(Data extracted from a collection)

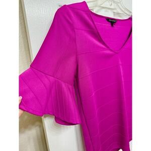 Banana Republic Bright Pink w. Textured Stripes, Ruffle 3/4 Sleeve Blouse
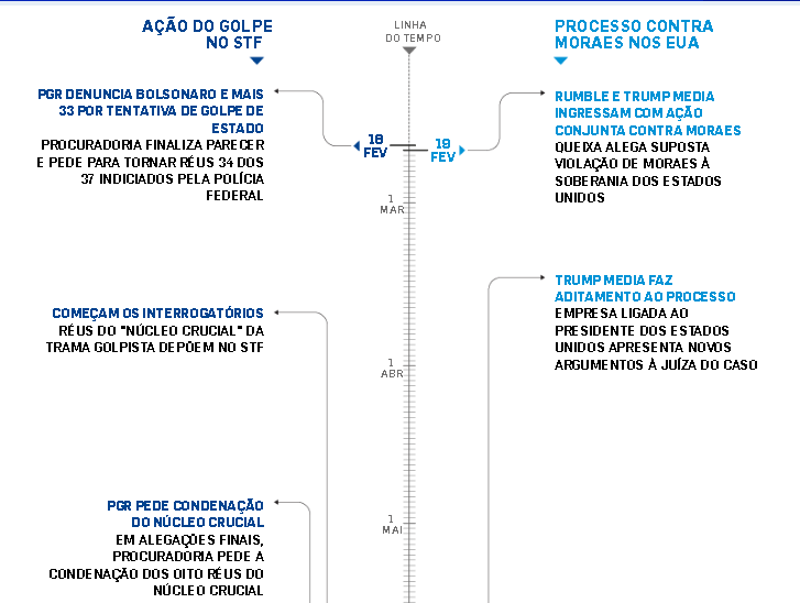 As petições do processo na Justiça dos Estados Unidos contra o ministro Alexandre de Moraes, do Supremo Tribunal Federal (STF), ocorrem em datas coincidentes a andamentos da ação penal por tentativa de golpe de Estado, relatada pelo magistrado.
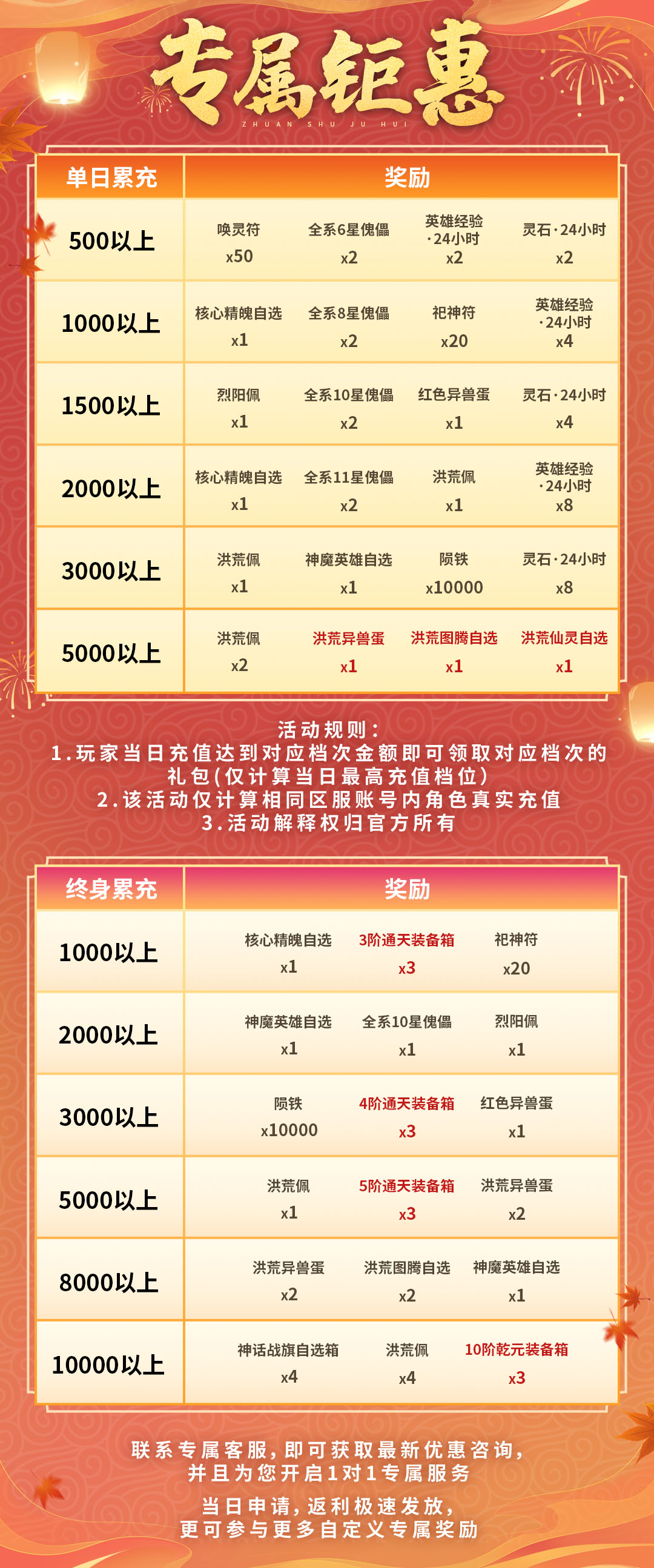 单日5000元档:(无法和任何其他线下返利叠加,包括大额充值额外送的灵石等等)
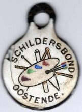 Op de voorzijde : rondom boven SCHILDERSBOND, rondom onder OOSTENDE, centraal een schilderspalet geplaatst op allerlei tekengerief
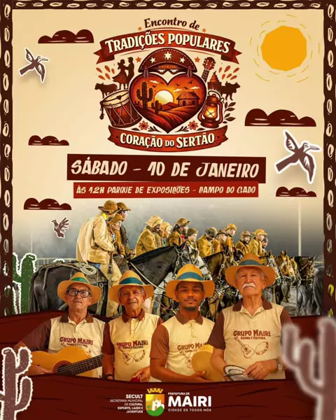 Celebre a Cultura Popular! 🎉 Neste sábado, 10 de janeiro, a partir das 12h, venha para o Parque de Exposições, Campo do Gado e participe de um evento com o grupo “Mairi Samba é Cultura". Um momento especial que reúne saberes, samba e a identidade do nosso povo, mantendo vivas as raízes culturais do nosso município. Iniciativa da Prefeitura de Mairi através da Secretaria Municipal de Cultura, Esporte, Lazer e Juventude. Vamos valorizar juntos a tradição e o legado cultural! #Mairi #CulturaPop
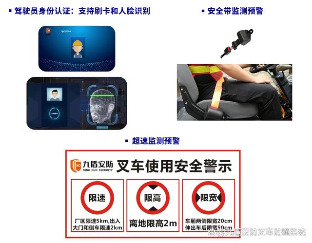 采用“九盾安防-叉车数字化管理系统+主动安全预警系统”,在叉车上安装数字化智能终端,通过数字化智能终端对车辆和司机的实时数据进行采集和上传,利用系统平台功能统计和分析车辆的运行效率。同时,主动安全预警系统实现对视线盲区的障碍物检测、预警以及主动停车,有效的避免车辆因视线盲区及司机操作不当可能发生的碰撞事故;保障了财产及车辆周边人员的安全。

Task directions: Above are entries with pictures among them. Write out exactly the lines from the one containing "As petições do" through the one containing "单日5000元档:(无法和任何其他线下返利叠加,包括大额充值额外送的灵石等等)", ends included, and leave those pictures out.

Result of this exercise:
 As petições do processo na Justiça dos Estados Unidos contra o ministro Alexandre de Moraes, do Supremo Tribunal Federal (STF), ocorrem em datas coincidentes a andamentos da ação penal por tentativa de golpe de Estado, relatada pelo magistrado.
 单日5000元档:(无法和任何其他线下返利叠加,包括大额充值额外送的灵石等等)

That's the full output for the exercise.